Biosynthesis of riboflavine in Saccharomyces cerevisiae: the role of genes rib 1 and rib 7 .

作者信息

Oltmanns O, Bacher A

出版信息

J Bacteriol. 1972 Jun;110(3):818-22. doi: 10.1128/jb.110.3.818-822.1972.

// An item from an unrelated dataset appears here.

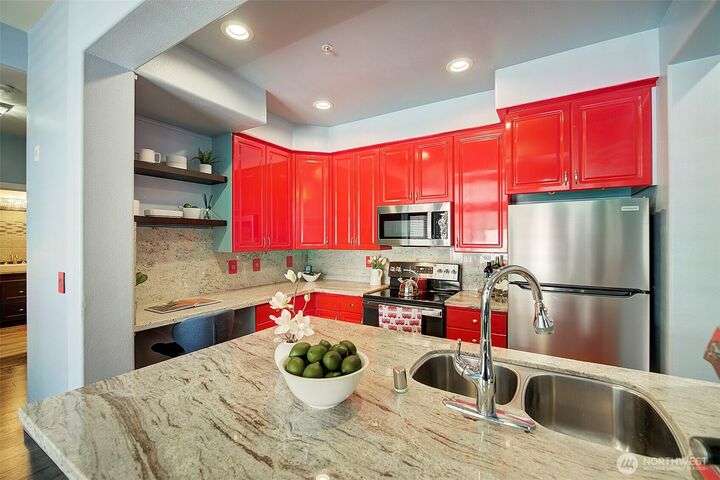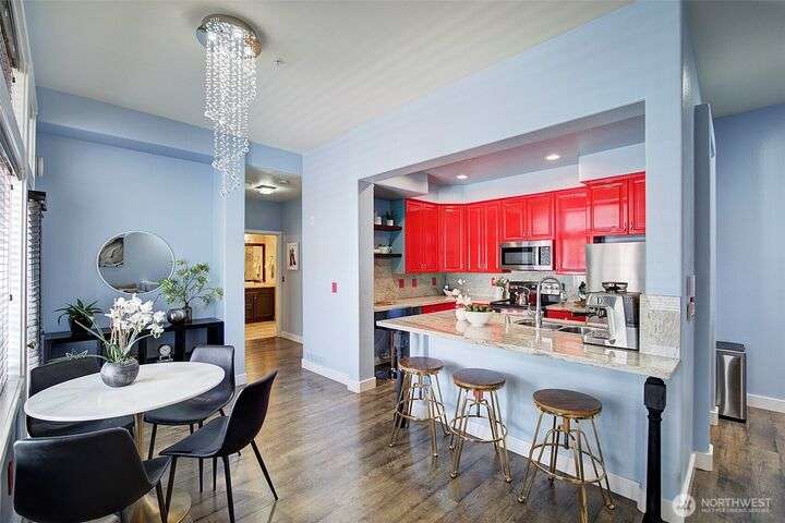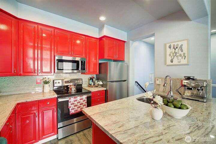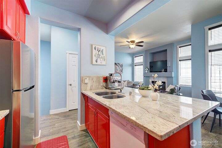 Discover a home that feels like a retreat in the coveted Plum Grove community. This 1-bed, 1-bath townhome offers a spacious bedroom and 920 sq. ft. of open, light-filled living space accented by soaring 10’ ceilings. Spacious primary suite with walk-in closet and the beautifully updated kitchen—with brand-new SS appliances, RVP floors throughout, full-size laundry room, attached 1-car garage with w/storage, spacious balcony & gas fireplace. Roof (2023) and newer siding. HOA includes water, sewer, garbage, and earthquake insurance. Pet-friendly, well-managed private community in the heart of Renton Highlands. With your own garage, storage, and driveway parking, this home offers both ease and elegance—an everyday sanctuary to love.
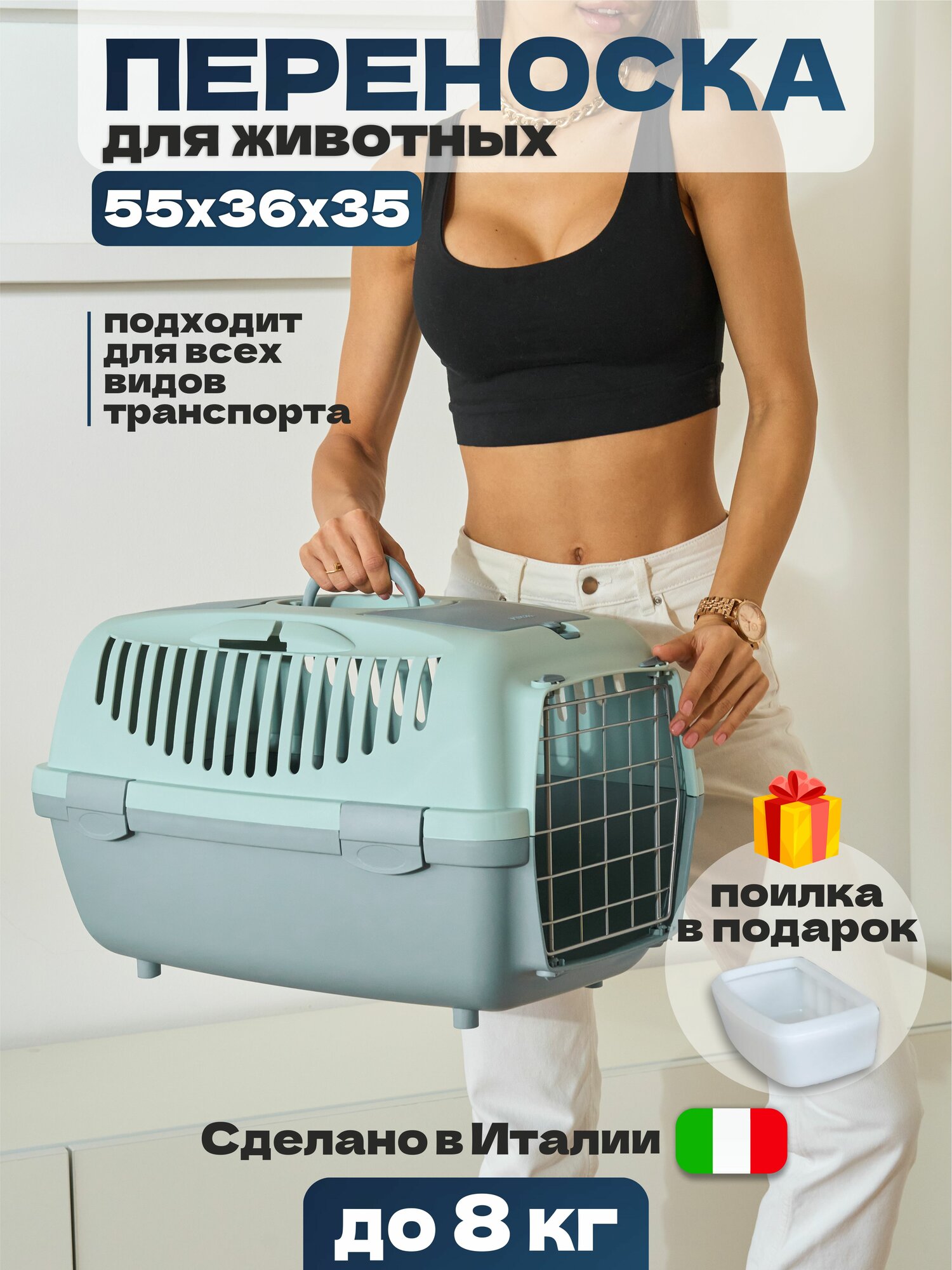 Красивая и лёгкая пластиковая переноска для животных с ручкой и металлической дверкой размером — (55 х 36 х 35 см) европейского бренда Stefanplast из Италии. Изготовлена из качественных комплектующих с учетом всех требований и маркировок для авиа и ЖД перевозок. Переноска подходит для транспортировки кошек и собак мелких и крупных пород. Применима для многочасовых перевозок, как в салоне вашего автомобиля, так и в багажном отделении. Крепкая конструкция с вентиляционными отверстиями легко моется и не впитывает неприятные запахи. Сверху расположено отверстие с крышкой для кормления, в которое поместится рука, игрушки и корм. Надежные замки-защелки на двери обеспечат безопасность питомца в непредвиденных ситуациях, не сбежит даже самый активный питомец. Также конструкция оснащена прорезями для автомобильного ремня, чтобы она не перемещалась по салону. Дверца открывается в обе стороны, а также снимается. Конструкция выполнена из качественного толстого пластика и усиленная надежными крепежами, данная модель размером 55 х 36 х 35 см выдерживает до 8 кг. Легко собрать и разобрать. Внутренние размеры переноски 51.5 х 32.5 х 30 см.

DOI:10.1128/jb.110.3.818-822.1972
PMID:4555411
原文链接:https://pmc.ncbi.nlm.nih.gov/articles/PMC247498/
Abstract

Haploid strains of Saccharomyces cerevisiae with mutations in two different rib genes were constructed. These strains were studied by tetrad analysis and by quantitative determination of accumulation products. The genes rib(1), rib(7), and rib(2) are not linked to each other. rib(1)-rib(7) strains and rib(1)-rib(2) strains exhibit the phenotypic properties of rib(1) strains. rib(7)-rib(2) strains show the phenotypic properties of rib(7) strains. The results support the conclusion that the genes rib(1) and rib(7) code for the first and second enzyme of the riboflavine pathway, respectively.

摘要

构建了在两个不同核糖体基因中发生突变的酿酒酵母单倍体菌株。通过四分体分析和对积累产物的定量测定对这些菌株进行了研究。核糖体基因rib(1)、rib(7)和rib(2)彼此不连锁。rib(1)-rib(7)菌株和rib(1)-rib(2)菌株表现出rib(1)菌株的表型特性。rib(7)-rib(2)菌株表现出rib(7)菌株的表型特性。这些结果支持了核糖体基因rib(1)和rib(7)分别编码核黄素途径的第一种和第二种酶的结论。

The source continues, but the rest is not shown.